PROVIDED ENTRIES
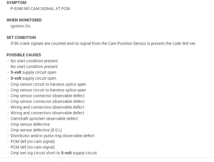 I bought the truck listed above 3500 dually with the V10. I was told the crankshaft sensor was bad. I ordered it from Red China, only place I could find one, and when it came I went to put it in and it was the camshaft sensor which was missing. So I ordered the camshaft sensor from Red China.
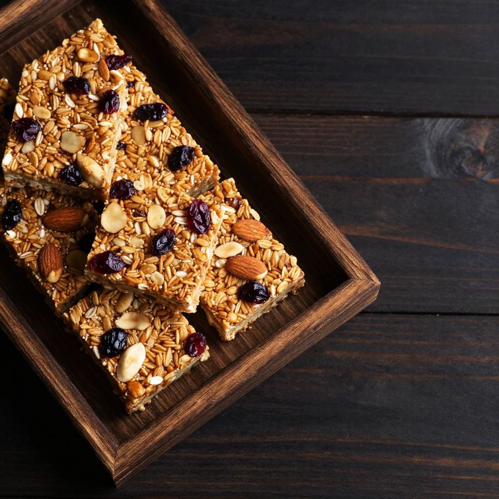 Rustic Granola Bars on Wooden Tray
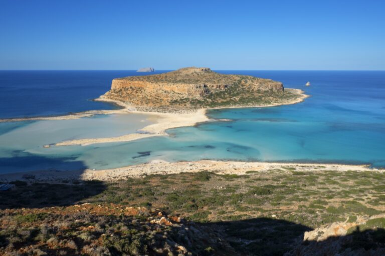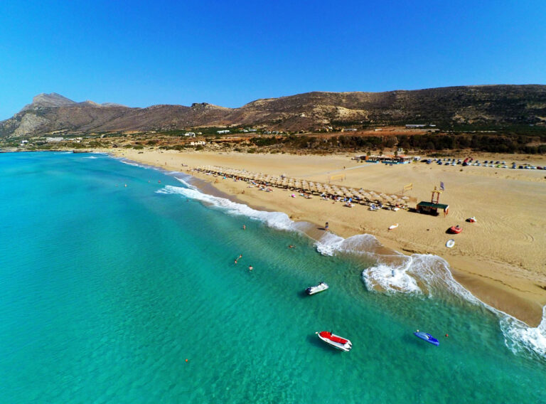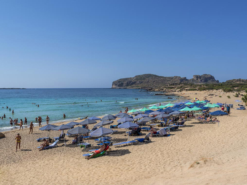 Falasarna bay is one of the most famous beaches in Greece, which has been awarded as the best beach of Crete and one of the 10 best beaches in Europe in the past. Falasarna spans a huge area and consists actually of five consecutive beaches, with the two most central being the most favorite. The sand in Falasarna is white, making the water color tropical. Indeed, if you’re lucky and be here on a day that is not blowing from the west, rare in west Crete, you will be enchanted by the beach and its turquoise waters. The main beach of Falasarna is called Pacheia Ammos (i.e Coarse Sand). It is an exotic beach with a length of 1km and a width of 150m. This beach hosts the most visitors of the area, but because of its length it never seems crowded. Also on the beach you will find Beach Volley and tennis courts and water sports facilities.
--
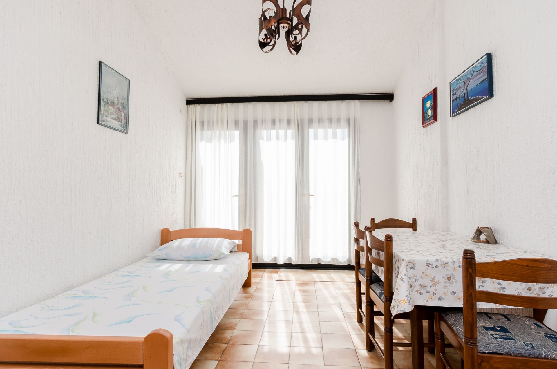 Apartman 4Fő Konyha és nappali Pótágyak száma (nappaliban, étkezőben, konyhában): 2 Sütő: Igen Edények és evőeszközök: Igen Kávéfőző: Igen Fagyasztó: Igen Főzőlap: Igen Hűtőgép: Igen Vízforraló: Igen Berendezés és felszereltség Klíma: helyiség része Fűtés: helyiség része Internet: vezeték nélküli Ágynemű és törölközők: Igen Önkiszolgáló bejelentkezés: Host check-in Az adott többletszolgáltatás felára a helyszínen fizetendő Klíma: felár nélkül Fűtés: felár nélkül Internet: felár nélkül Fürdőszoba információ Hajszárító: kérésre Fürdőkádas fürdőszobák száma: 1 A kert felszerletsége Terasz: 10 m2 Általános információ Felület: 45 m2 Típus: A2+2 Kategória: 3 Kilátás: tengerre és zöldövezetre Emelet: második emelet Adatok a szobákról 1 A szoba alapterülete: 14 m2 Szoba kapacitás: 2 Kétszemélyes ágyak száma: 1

PROBLEM DETAILS
No picture is to be printed. Output exactly the lines above from the line containing "I bought the" through the line containing "Falasarna bay is".

OUTPUT OF THE TASK
 I bought the truck listed above 3500 dually with the V10. I was told the crankshaft sensor was bad. I ordered it from Red China, only place I could find one, and when it came I went to put it in and it was the camshaft sensor which was missing. So I ordered the camshaft sensor from Red China.
 Rustic Granola Bars on Wooden Tray
 Falasarna bay is one of the most famous beaches in Greece, which has been awarded as the best beach of Crete and one of the 10 best beaches in Europe in the past. Falasarna spans a huge area and consists actually of five consecutive beaches, with the two most central being the most favorite. The sand in Falasarna is white, making the water color tropical. Indeed, if you’re lucky and be here on a day that is not blowing from the west, rare in west Crete, you will be enchanted by the beach and its turquoise waters. The main beach of Falasarna is called Pacheia Ammos (i.e Coarse Sand). It is an exotic beach with a length of 1km and a width of 150m. This beach hosts the most visitors of the area, but because of its length it never seems crowded. Also on the beach you will find Beach Volley and tennis courts and water sports facilities.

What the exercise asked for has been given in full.